Handling Metrics and SLA Reporting for Throughput Violating Topics via Datastream Update API Part 1 #928

shrinandthakkar · 2023-03-16T15:07:33Z

The EventProducer of every DatastreamTask reports SLA and latency metrics for every datastream record. But when topics (at least one partition) have higher throughput than the thresholds, it introduces latency and SLA misses in the mirroring pipeline.

This pull request is the first part of changes to handle the metrics and SLA reporting of throughput-violating topics via the datastream update API. It introduces the following changes:

The datastream update endpoint shall simultaneously accept a datastream and a list of throughput-violating topics via its datastream metadata. The ZkAdapter would persist this information in the DatastreamStore.
The update API touches every server host in its normal code path, and in that code path, every host (Coordinator) maintains a shared cache (Datastream -> Violating Topics Map) with the latest violations for every datastream.
A new callback for the eventProducer to fetch the latest list of offending topics from the Coordinator. We ensure that the correct set of topics is excluded from reporting the metrics and SLAs for every record.

Part 2 of this series would take care of:

Excluding the reporting of metrics for these throughput-violating topics within EventProducer.
Introducing separate metrics for throughput-violating topics.

Important: DO NOT REPORT SECURITY ISSUES DIRECTLY ON GITHUB.
For reporting security issues and contributing security fixes,
please, email security@linkedin.com instead, as described in
the contribution guidelines.

Please, take a minute to review the contribution guidelines at:
https://github.com/linkedin/Brooklin/blob/master/CONTRIBUTING.md

shrinandthakkar · 2023-03-28T00:01:30Z

datastream-server/src/main/java/com/linkedin/datastream/server/Coordinator.java

+              (t) -> getThroughputViolatingTopics(t.getDatastreams()) :
+              (t) -> new HashSet<>();
+
+      EventProducer producer =


From @vmaheshw

Will it make sense to simplify this at Datastream level rather than DatastreamTask level? For eg: in digest, there is only one datastream. This function will result in 10 copies for the same datastream. Also, hashing based on datastream name will be cheaper and more efficient.

Instead of moving this at the Datastream level, I refactored to only maintaining a single initialization of this callback in the coordinator which is passed to each EventProducer init.

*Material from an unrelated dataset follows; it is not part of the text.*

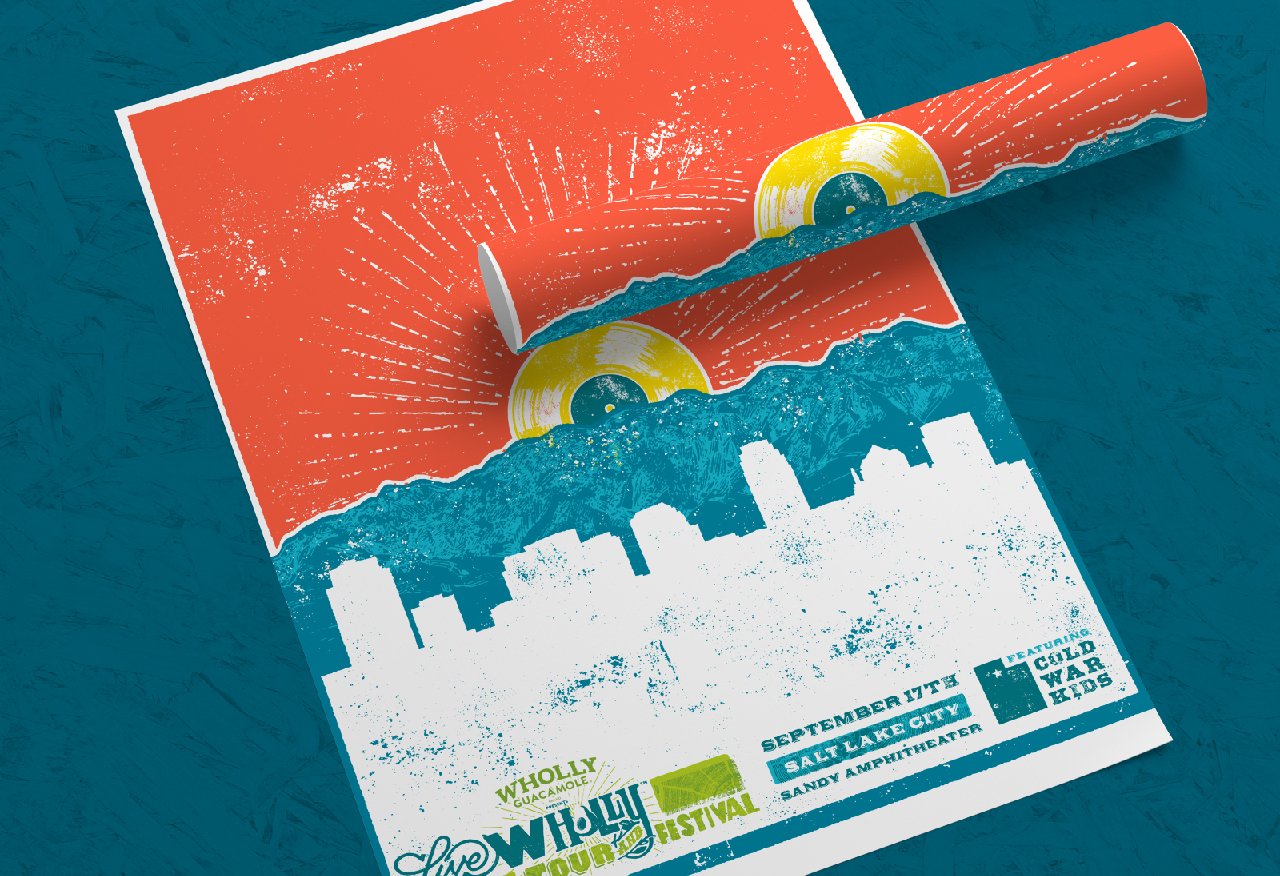 Wholly Guacamole was eager to shake things up, and shaking a tambourine or two seemed like a good way to start. To bring a tour and concert to life you need quite a few designed materials. Specifically: you'll need everything from the original identity and launch announcements to promotional posters, t-shirts and other swag, directional signage and stage banners.

shrinandthakkar · 2023-03-28T00:02:17Z

datastream-server/src/main/java/com/linkedin/datastream/server/Coordinator.java

+  private final ReadWriteLock _throughputViolatingTopicsMapReadWriteLock = new ReentrantReadWriteLock();
+  private final Lock _throughputViolatingTopicsMapWriteLock = _throughputViolatingTopicsMapReadWriteLock.writeLock();
+  private final Lock _throughputViolatingTopicsMapReadLock = _throughputViolatingTopicsMapReadWriteLock.readLock();
+


From @vmaheshw

Do we need to go to low-level locks for this? Can we not rely on ConcurrentHashMap? Violation calculation does not have to be precise in the close second.

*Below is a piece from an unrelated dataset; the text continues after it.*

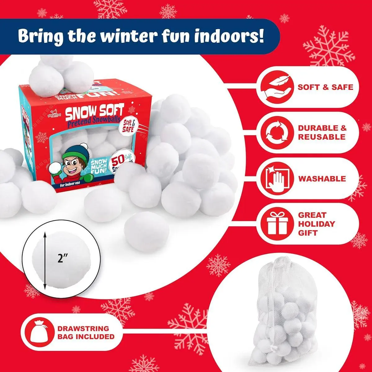 Package Includes 50 Pack of 2 Inches Soft White Balls, Snowballs Packed in a Gift Ready Box with a Drawstring Bag Making it a Perfect Gifting Option for Holidays, Birthdays or Winter Parties

I would prefer not to use the concurrent hash map since while performing "replace-all" to this map, there may be chances that these violating topics' metrics and SLAs get reported. Hence to keep things consistent, I went with this approach.

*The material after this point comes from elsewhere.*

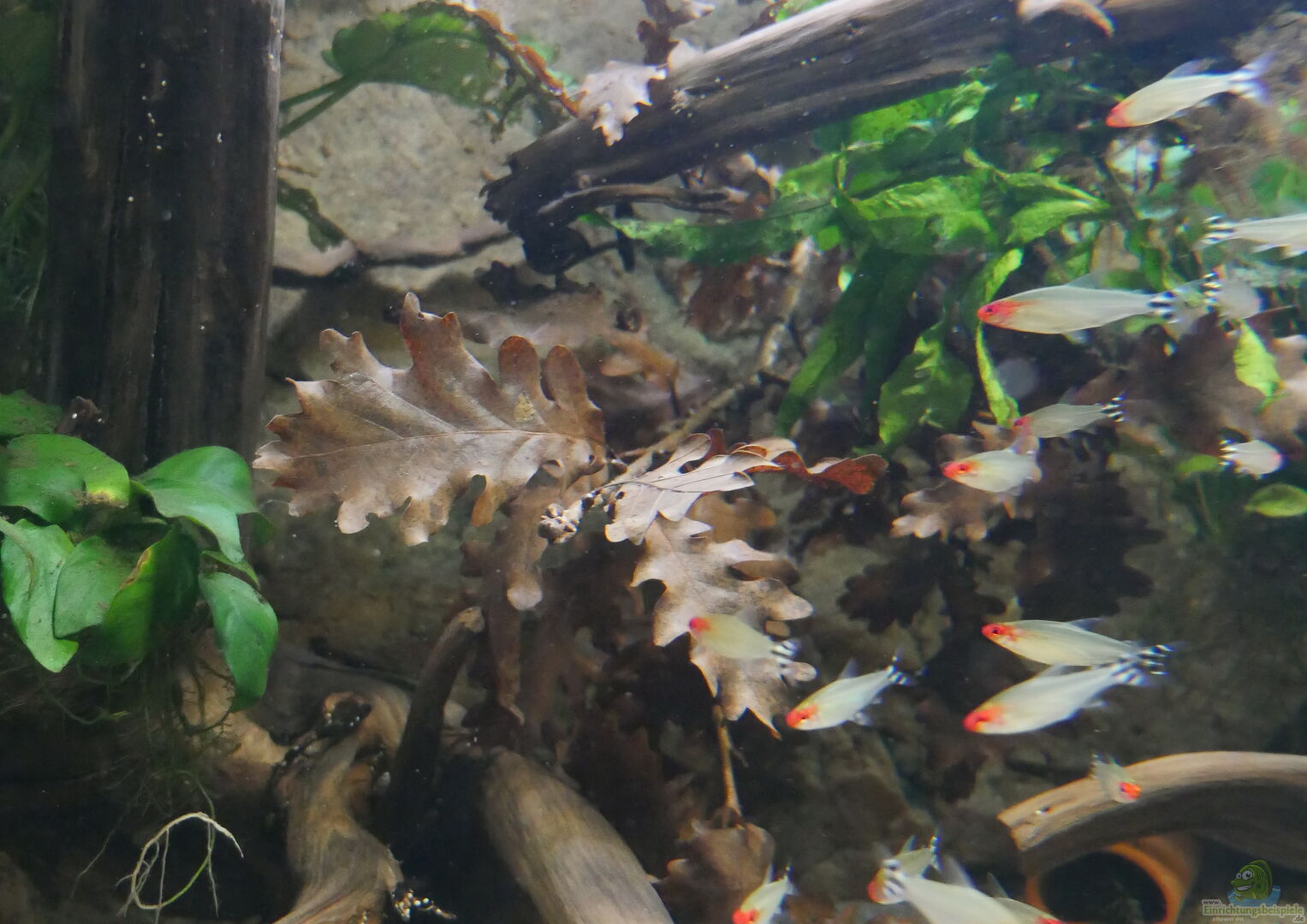 Diverse gut gewässerte Moorkienwurzel, z.T. von oben ins Wasser hängend, um den Diskus und Skalaren Unterstände zu bieten. Wenige kantengerundete Flusskiesel aus rotem Buntsandstein. Trockene, noch belaubte Buchen- und Eichenäste, die ganzjährig im Wald zu finden sind und von oben ins Becken gehängt werden. Dekorativ als farblicher Kontrast zu grünen Pflanzen und den Fischen und die wilden Kerle nutzen es als bevorzugten Unterstand, insbesondere Abends. Zudem wirkt das Laub, ähnlich wie [...]

I recommend simplicity, especially since this is not on a critical path.

datastream-server/src/main/java/com/linkedin/datastream/server/Coordinator.java

vmaheshw

I am okay with the READ-WRITE lock if the other approver is also fine.

Please address the valid check comment.

vmaheshw · 2023-03-30T17:21:46Z

...-restli/src/main/java/com/linkedin/datastream/server/dms/ZookeeperBackedDatastreamStore.java

+  private static final Double ONE_MEBIBYTE = (double) (1024 * 1024);
+  private static final Double ZNODE_BLOB_SIZE_LIMIT = ONE_MEBIBYTE;


Do you really need 2 variables?

The purpose of these variables are little different

ZNODE_BLOB_SIZE_LIMIT ––> Validation of data size per znode based on the znode limit (=1MB)

ONE_MEBIBYTE --> Converting bytes to MB to get encoded data size in MBs.

Ideally, I can use the same variable, but I kept them both for better understanding purposes of two different operations happening on the same value.

vmaheshw · 2023-03-30T17:23:18Z

...-restli/src/main/java/com/linkedin/datastream/server/dms/ZookeeperBackedDatastreamStore.java

@@ -127,6 +128,12 @@ public void updateDatastream(String key, Datastream datastream, boolean notifyLe
      throw new DatastreamException("Datastream does not exists, can not be updated: " + key);
    }

+    // As this limit is ZK specific, adding this validation check specifically in ZookeeperBackedDatastreamStore.
+    double datastreamBlobSizeInMBs = getBlobSizeInMBs(DatastreamUtils.toJSON(datastream));
+    Validate.isTrue(datastreamBlobSizeInMBs <= ZNODE_BLOB_SIZE_LIMIT,


The validation check is tricky, especially in the case of a Programmatic update. This will block the datastream update until the logic in the caller is fixed. Can you think of a less disruptive way?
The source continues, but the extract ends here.